No one had ordered Eren to join the military corps and challenge the most piercing fears of existence. Eren has chosen, independently, to be a soldier since he turned five, before he even knew the difference between dreams and reality. Attack On Titan opens with a little Eren explaining to adults what courage is, and above all how good it is to pursue your desires. His desire, born and raised on the legends in which the nature of the giants was explained, then developed from a tragedy, like a black and white photograph. Since his mother’s death and that tragic moment, Eren has transformed his greatest passion into a necessity: become a soldier and eliminate the giants to repay his revenge. But how much does this revenge cost? And above all, where can Eren’s courage go?
Thus, like a long journey in which the destination is not fully known, Attack on Titan first showed us Eren’s training and then his true nature, that of a giant. This moment was the first truly great plot twist of the Japanese anime, one of those for which the initial exhilaration soon becomes amazement, and one of those for which the mind begins to formulate various questions: Is Eren the bad guy in the situation? How will the plot evolve from this episode onwards?

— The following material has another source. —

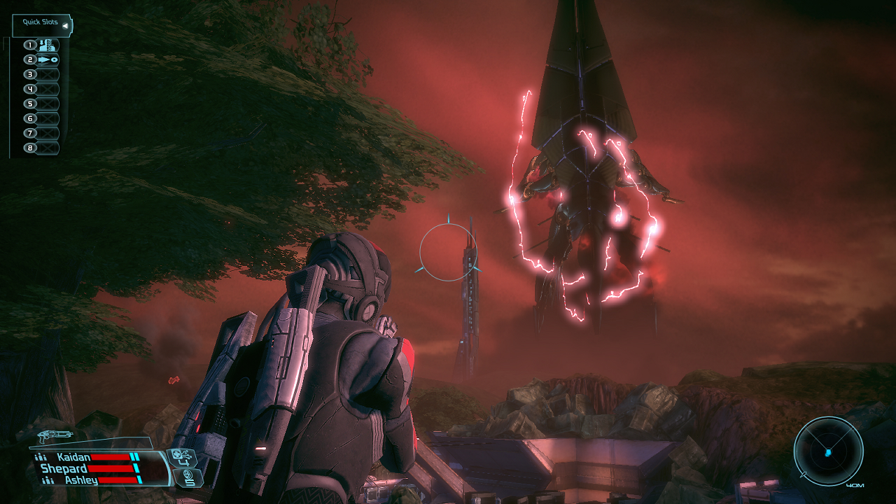 When attacking with gun-based units, the camera zooms in from its RTS-style overview of the warzone to an up-close and personal third person view over your unit’s shoulder. You’re given the option of using an auto-lock on system or aiming on your own for more precise, critical-hit dealing headshots – somewhat like Bethesda’s recent RPG/FPS hybrid Fallout 3. You have to manage this while also ensuring that you remain behind cover, otherwise you could fall under attack from other enemy units while trying to line up your shot. On top of that, cover is frequently destructible, and you’re constantly looking out for the next place to hide as you come under heavy fire.

But Attack on Titan is the paradise of plot twists and that episode, so powerful and alienating, was the first of a long series of surprises
From the tragic passing of Eren’s mother to the characters who left us along the surrendering battles, there were so many moments within the story that caught my attention, but the reveal about Reiner and Berthold’s identity is one I still struggle to get over. But let’s go in order. Attack on Titan presented us with Reiner as a charismatic and reliable character, one who inspires great trust in his companions, and a sort of big brother to the companions who live within the 104 Recruit training corps. He was immediately one of the most appreciated by the commander because he made his own the motto according to which the survival of the group passes through a strong sense of individual self-denial. Berthold, on the other hand, is an apparently quiet boy with little willpower: Berthold himself has admitted to being a coward known for the low self-esteem he has towards himself. The two are perhaps the ones who best experience the relationship with Eren within the training camps, and also two characters capable of establishing a relationship with the public through their ambiguous characterization.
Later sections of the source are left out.